Content starts
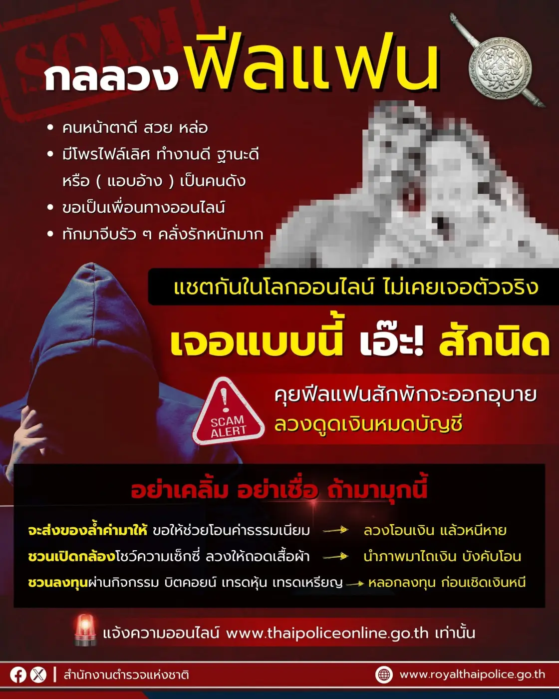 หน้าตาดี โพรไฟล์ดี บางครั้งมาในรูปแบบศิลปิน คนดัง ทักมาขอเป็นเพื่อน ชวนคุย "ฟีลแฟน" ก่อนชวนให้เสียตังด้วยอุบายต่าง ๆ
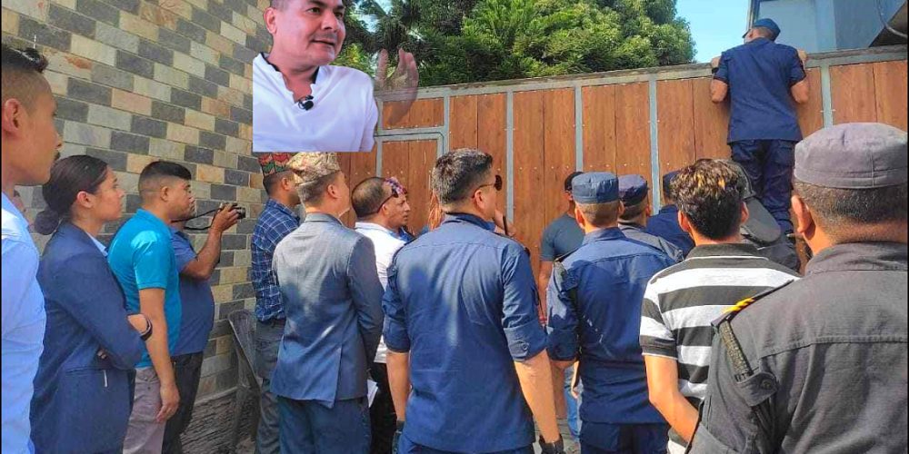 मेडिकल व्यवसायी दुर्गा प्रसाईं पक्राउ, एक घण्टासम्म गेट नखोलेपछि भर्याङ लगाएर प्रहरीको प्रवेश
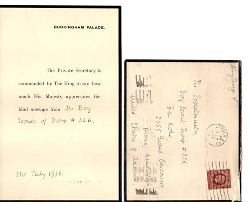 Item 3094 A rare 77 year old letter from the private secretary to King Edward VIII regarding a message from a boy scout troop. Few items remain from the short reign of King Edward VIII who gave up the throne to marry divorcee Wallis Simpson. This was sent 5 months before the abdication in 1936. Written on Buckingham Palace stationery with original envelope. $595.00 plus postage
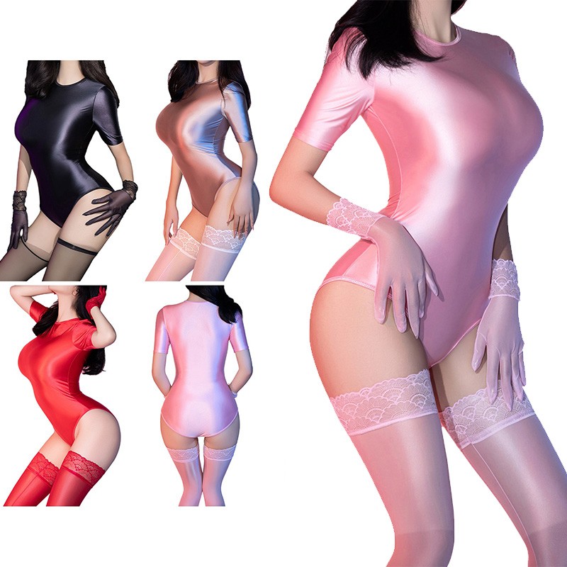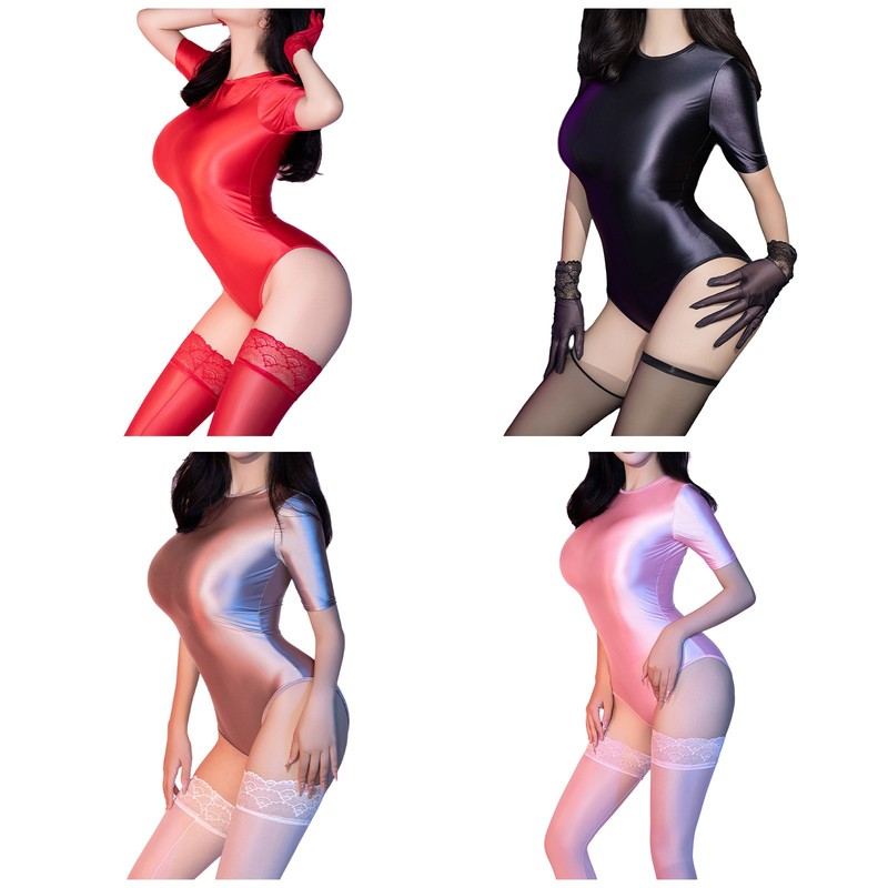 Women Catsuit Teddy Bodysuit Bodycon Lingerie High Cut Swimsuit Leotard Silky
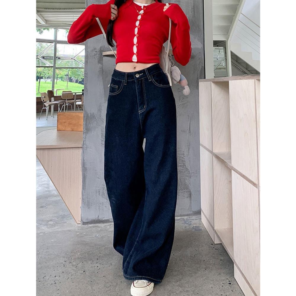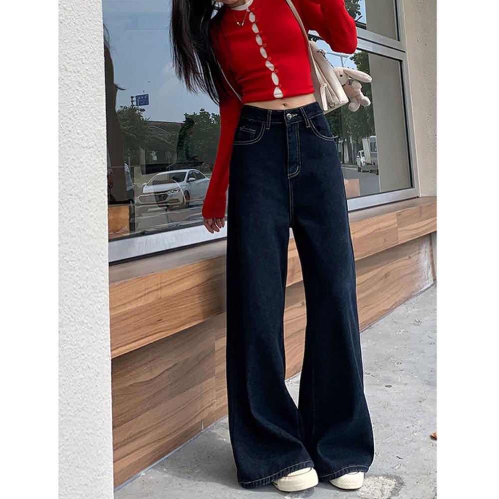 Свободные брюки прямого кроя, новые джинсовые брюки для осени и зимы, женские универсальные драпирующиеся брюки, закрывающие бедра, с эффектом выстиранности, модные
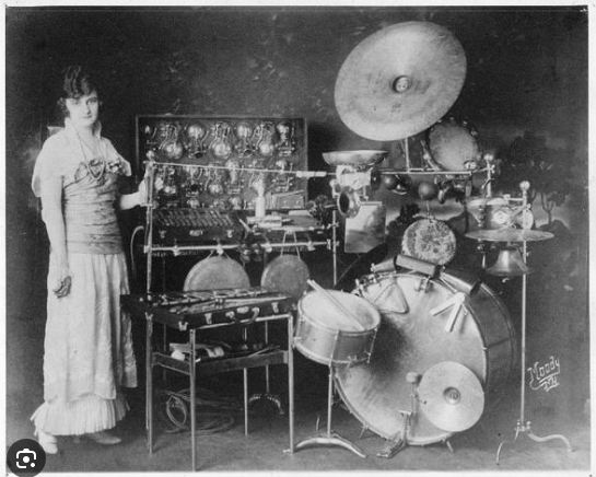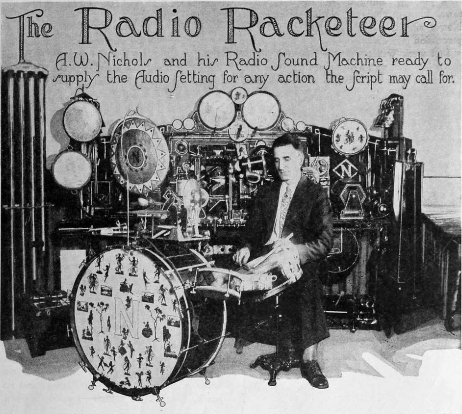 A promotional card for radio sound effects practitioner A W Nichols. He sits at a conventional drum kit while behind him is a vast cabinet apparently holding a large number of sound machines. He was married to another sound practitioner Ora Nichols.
Content ends
Content starts
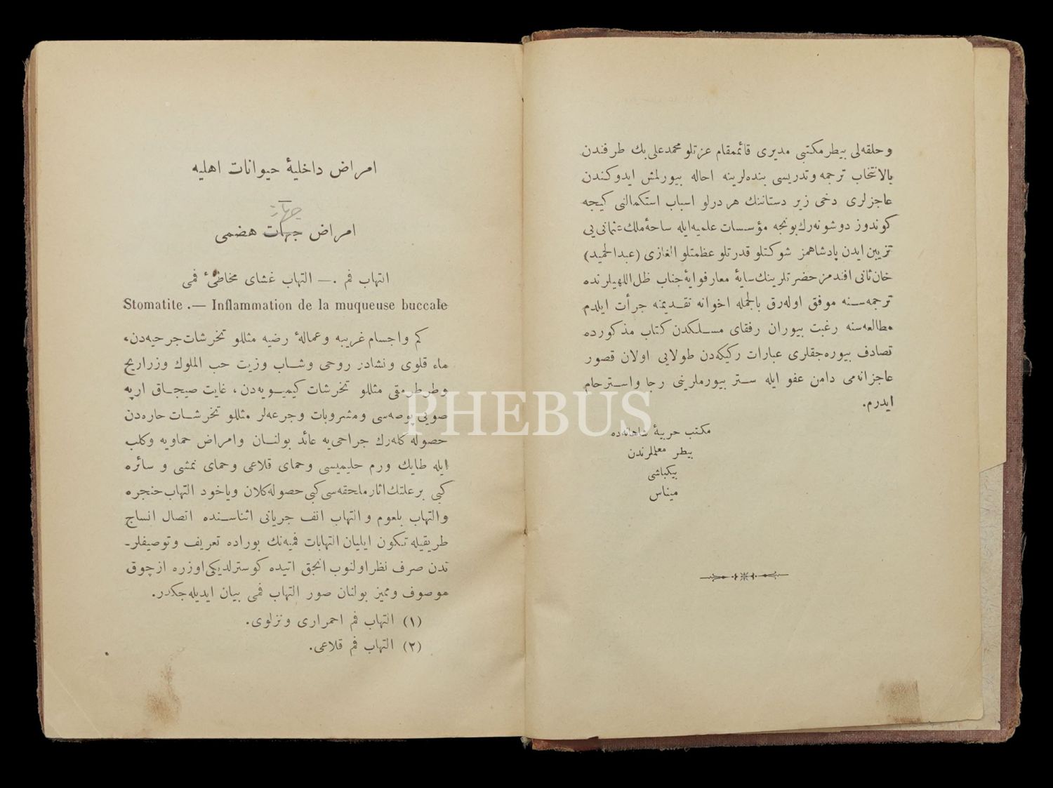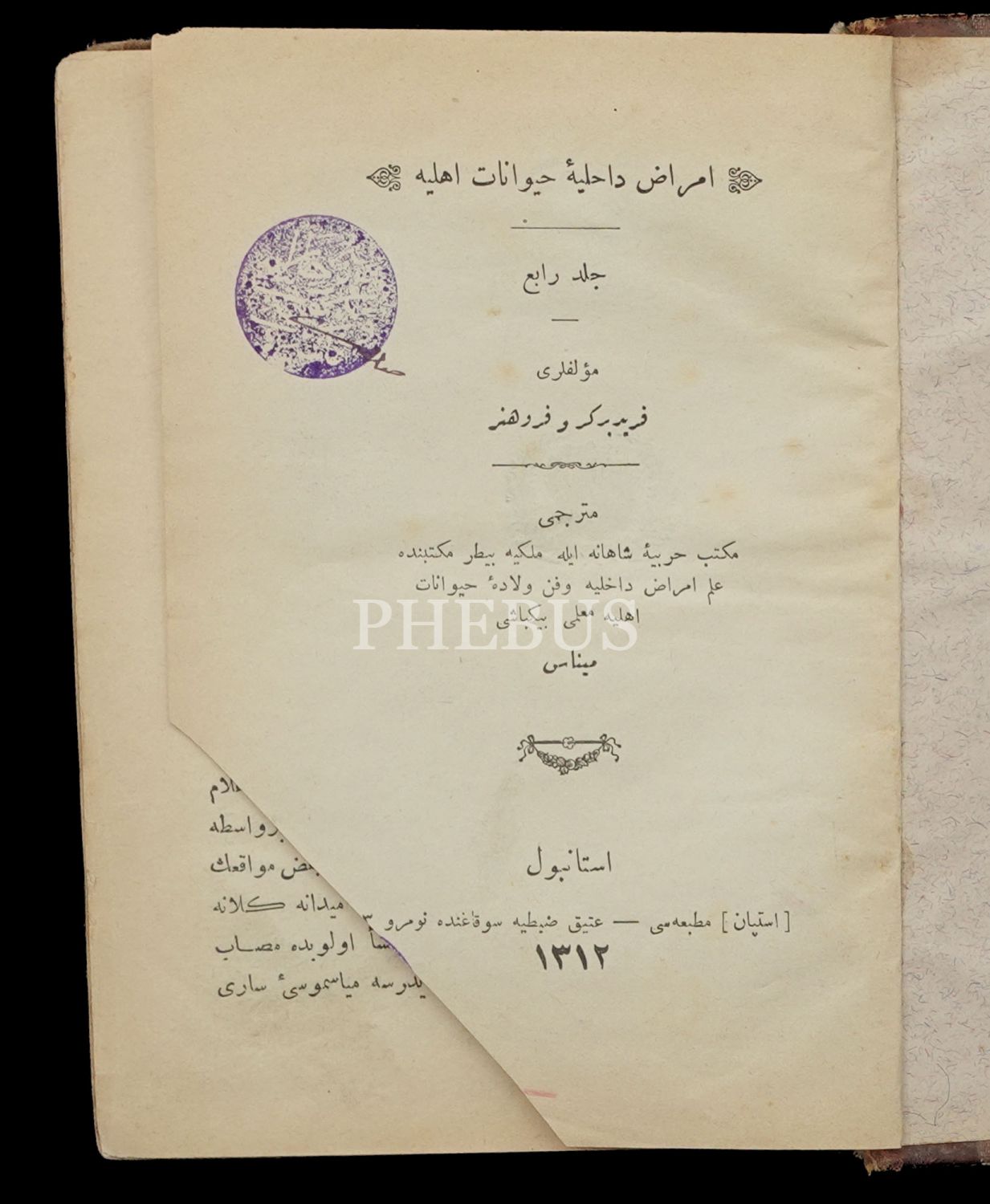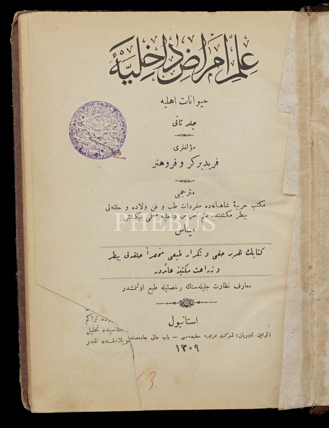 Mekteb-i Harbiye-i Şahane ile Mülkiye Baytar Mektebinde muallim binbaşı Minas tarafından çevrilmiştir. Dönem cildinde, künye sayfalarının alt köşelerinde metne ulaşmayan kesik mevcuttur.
Content ends
Content starts
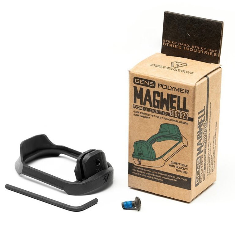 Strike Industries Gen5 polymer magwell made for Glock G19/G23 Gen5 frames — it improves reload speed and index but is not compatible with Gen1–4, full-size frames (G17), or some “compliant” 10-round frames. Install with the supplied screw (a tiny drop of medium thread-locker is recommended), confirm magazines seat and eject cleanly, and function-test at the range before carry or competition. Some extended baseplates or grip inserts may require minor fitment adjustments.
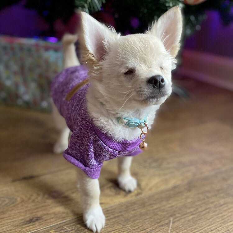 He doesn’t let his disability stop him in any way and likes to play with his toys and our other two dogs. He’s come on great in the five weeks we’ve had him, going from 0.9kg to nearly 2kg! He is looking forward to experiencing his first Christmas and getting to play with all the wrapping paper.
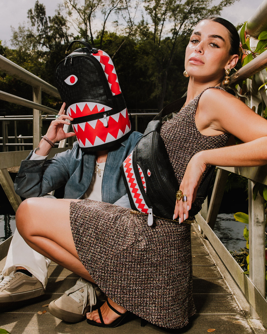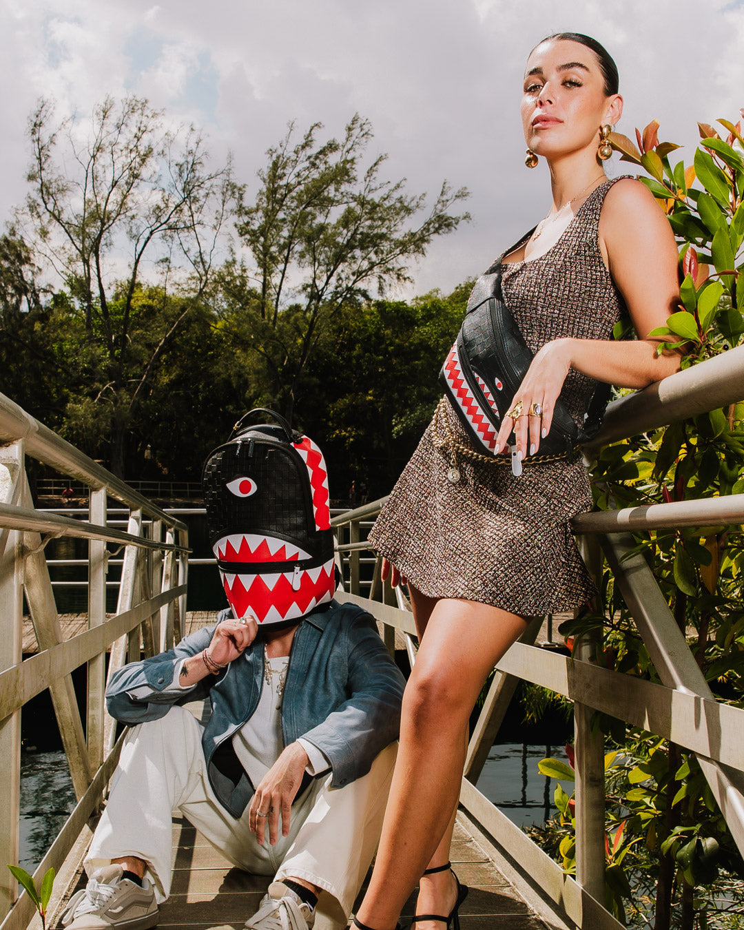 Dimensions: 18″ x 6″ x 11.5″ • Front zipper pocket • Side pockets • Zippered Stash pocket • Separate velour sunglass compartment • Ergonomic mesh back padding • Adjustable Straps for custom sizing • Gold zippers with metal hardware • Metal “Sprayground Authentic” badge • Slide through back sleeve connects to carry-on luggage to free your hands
Content ends
## TASK STATEMENT
What should come back is an exact copy of the lines above from the line with "หน้าตาดี โพรไฟล์ดี บางครั้งมาในรูปแบบศิลปิน" to the line with "मेडिकल व्यवसायी दुर्गा", both included, minus the pictures.

## TASK OUTPUT
 หน้าตาดี โพรไฟล์ดี บางครั้งมาในรูปแบบศิลปิน คนดัง ทักมาขอเป็นเพื่อน ชวนคุย "ฟีลแฟน" ก่อนชวนให้เสียตังด้วยอุบายต่าง ๆ
 मेडिकल व्यवसायी दुर्गा प्रसाईं पक्राउ, एक घण्टासम्म गेट नखोलेपछि भर्याङ लगाएर प्रहरीको प्रवेश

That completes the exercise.